Kerala had been successfully running health insurance schemes like Rashtriya Swasthya Bima Yojana since 2008, which was later expanded to the unorganised sector to cover over 20 lakh additional families, apart from the BPL families.

In 2019, the LDF government rolled out KASP, converging all previous health protection schemes. The State Health Agency (SHA) was created as an institutional mechanism to run the scheme. In the initial year, KASP was being run in the insurance mode, with Reliance General Insurance as the insurance provider.

However, KASP’s troubles began in 2020-21, when on the recommendation of SHA, the scheme transitioned from the insurance model to the trust or assurance model, wherein the financial liability of settling claims falls directly on the government.

The claims expenditure, which used to be contained at around ₹700 crore in the insurance mode in the initial year, crossed ₹1,600 crore in the subsequent years.

The problem, as many health financing experts pointed out, was not KASP as such.
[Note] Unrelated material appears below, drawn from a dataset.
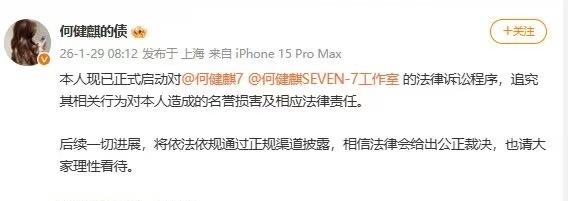 【前女友已起诉何健麒维权】前女友起诉何健麒1月29日,@何健麒的债 再次发文:本人现已正式启动对@何健麒7 @何健麒SEVEN-7工作室 的法律诉讼程序,追究其相关行为对本人造成的名誉损害及相应法律责任。 后续一切进展,将依法依规通过正规渠道披露,相信法律会给出公正裁决,也请大家理性看待。起诉何健麒依法维权 (现代快报)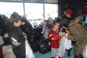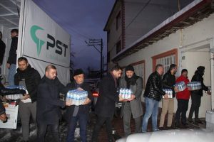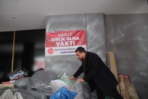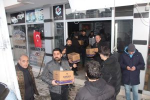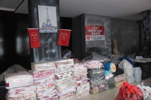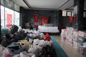 Depremin ilk saatlerinden itibaren yardım çalışmalarına başlayan teşkilatımız, parti binamızın ağır hasarlı olması nedeniyle oluşturmuş olduğumuz ‘AFET MASASINDA’ yardım malzemelerinin deprem bölgelerine bir an önce ulaştırılması için, zamanla yarışarak canla-başla mücadelemizi sürdürerek, birlik beraberlik ruhuyla zor günleri aşacağımıza inanarak çalışmalarımızı sürdürdük.

The scheme became a drain on the exchequer because it was run without any checks and balances, without a tight claims monitoring mechanism or financial discipline, as a CAG report pointed out in 2023. It bled public hospitals dry as the government was unable to check the huge claims overrun or reimburse the huge treatment expenditure of hospitals.

KASP liabilities stood close to ₹1,800 crore as per the last statement presented in the Assembly, of which ₹1,200 crore was owed to public hospitals .

The government now faces the onerous task of paying off the arrears due to public and private hospitals accumulated by KASP, while running the scheme like a tight ship till the new scheme is finalised.

Health insurance schemes traditionally cover only acute hospitalisation expenses, whereas drugs, diagnostics and outpatient consultations constitute a chunk of the out-of-pocket expenditure on health, which is the highest in Kerala.

Unless the care provisions, service delivery and drugs availability in public hospitals are improved alongside the provision of health insurance cover for inpatient care, the burden of health-care costs on people cannot be eased.

This will be the State’s imminent challenge because financing chronic disease management in a huge population of elderly as well as adults involves substantial, recurring expenditure for medicines, diagnostics or home-based healthcare, which traditional insurance schemes do not cover.